Inslee exit may make it possible to serve in Congress for a month

The pending resignation of U.S. Rep. Jay Inslee from Congress is causing an unanticipated headache for state election officials.

They've got to decide how long to leave his 1st Congressional District seat vacant.

Their decision could create a rare opportunity for someone to serve in Congress for as little time as a month -- and stir up a lot of confusion too because it would mean holding two elections at the same time for the same seat in Congress.

Ordinarily, when there is an unfinished term, the November election serves the dual purpose of picking someone to fill the remainder of the term and the new one as well. This allows the winner to take office in December when results are certified and not have to wait until January.

So, this year, the state could put someone in Inslee's seat as quick as Dec. 6.

Here's the wrinkle. To do that, it must conduct an election within the boundaries of the existing congressional district. That's because as far as the U.S. House of Representatives is concerned, the new borders drawn up through redistricting are not in effect until 2013.

If this happened, the victor would only serve a month as they finish out the last days of Inslee's term.

Meanwhile, the state will hold an election in the newly designed 1st Congressional District. Whoever wins in November will be sworn into office in January for a full two-year term.

It's a dilemma for the state. Leaving the seat vacant until 2013 means one election but there are those who argue the district should not be without representation any longer than it needs to be. To accomplish that would precipitate electing two people.
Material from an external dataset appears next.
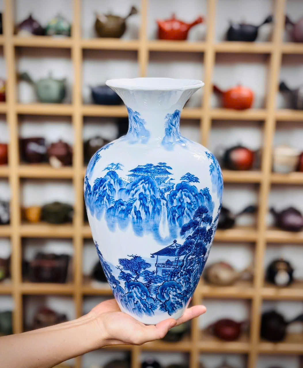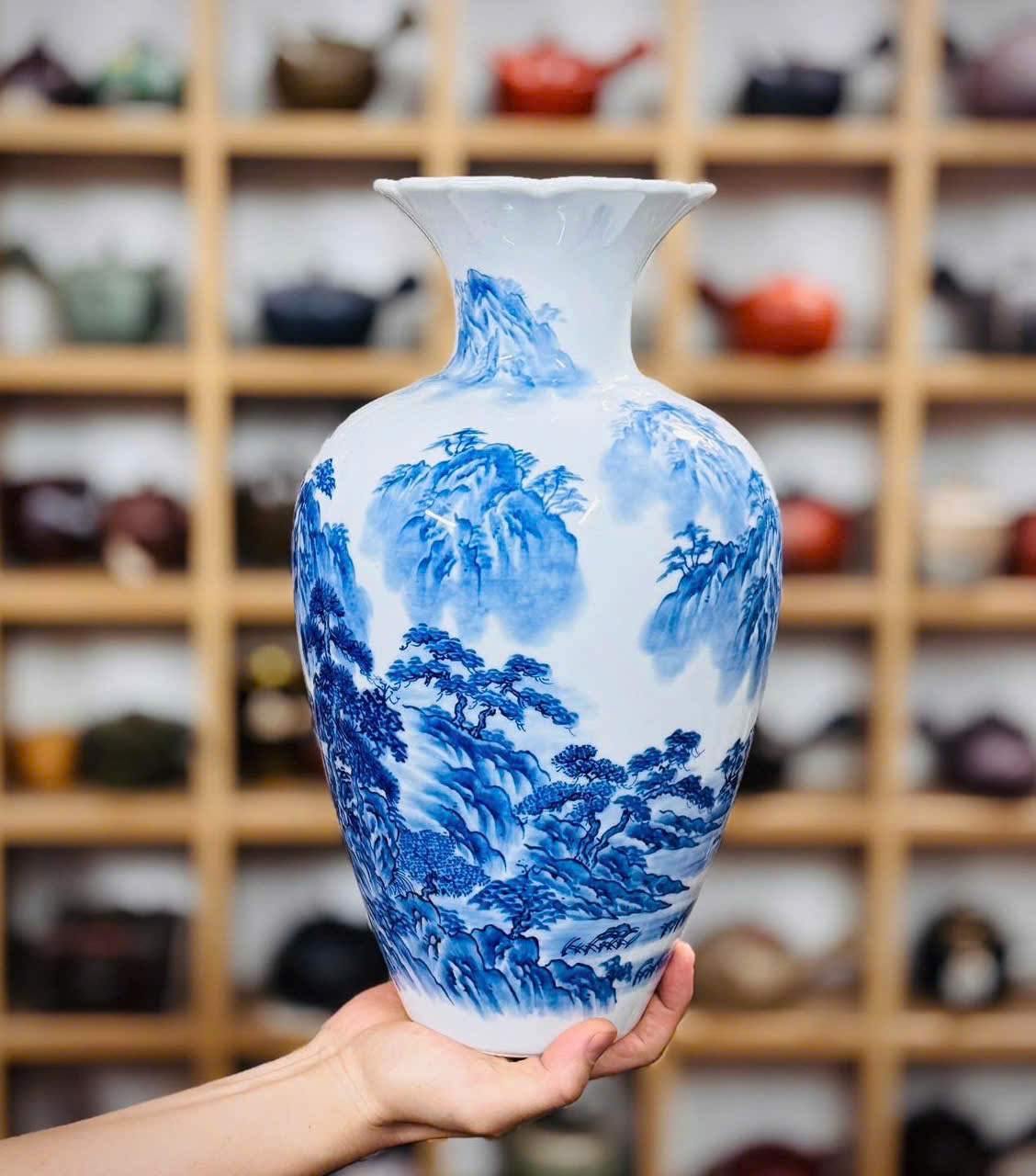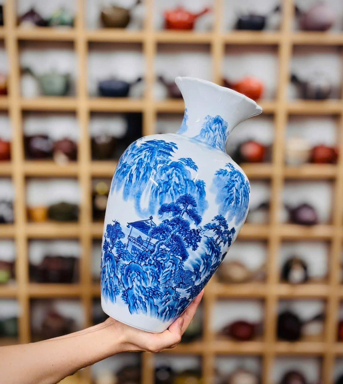 Bình men lam vẽ tay sơn thuỷ cho các bác ngắm và sưu tầm

“We're looking at the logistics for the candidates and we're concerned about the potential of confusion for voters and the public,” said Katie Blinn, co-director of state elections.

Interestingly any or all the candidates vying to replace Inslee could run for the short-term seat even if they do not live in the current congressional district. Federal law doesn't require U.S. House candidates to live in the district they serve.

Secretary of State Sam Reed has made no decisions, and the office is consulting with the governor's legal counsel and others, according to his spokesman David Ammons. A decision is expected next week.

Inslee is leaving March 20 to campaign full-time for governor.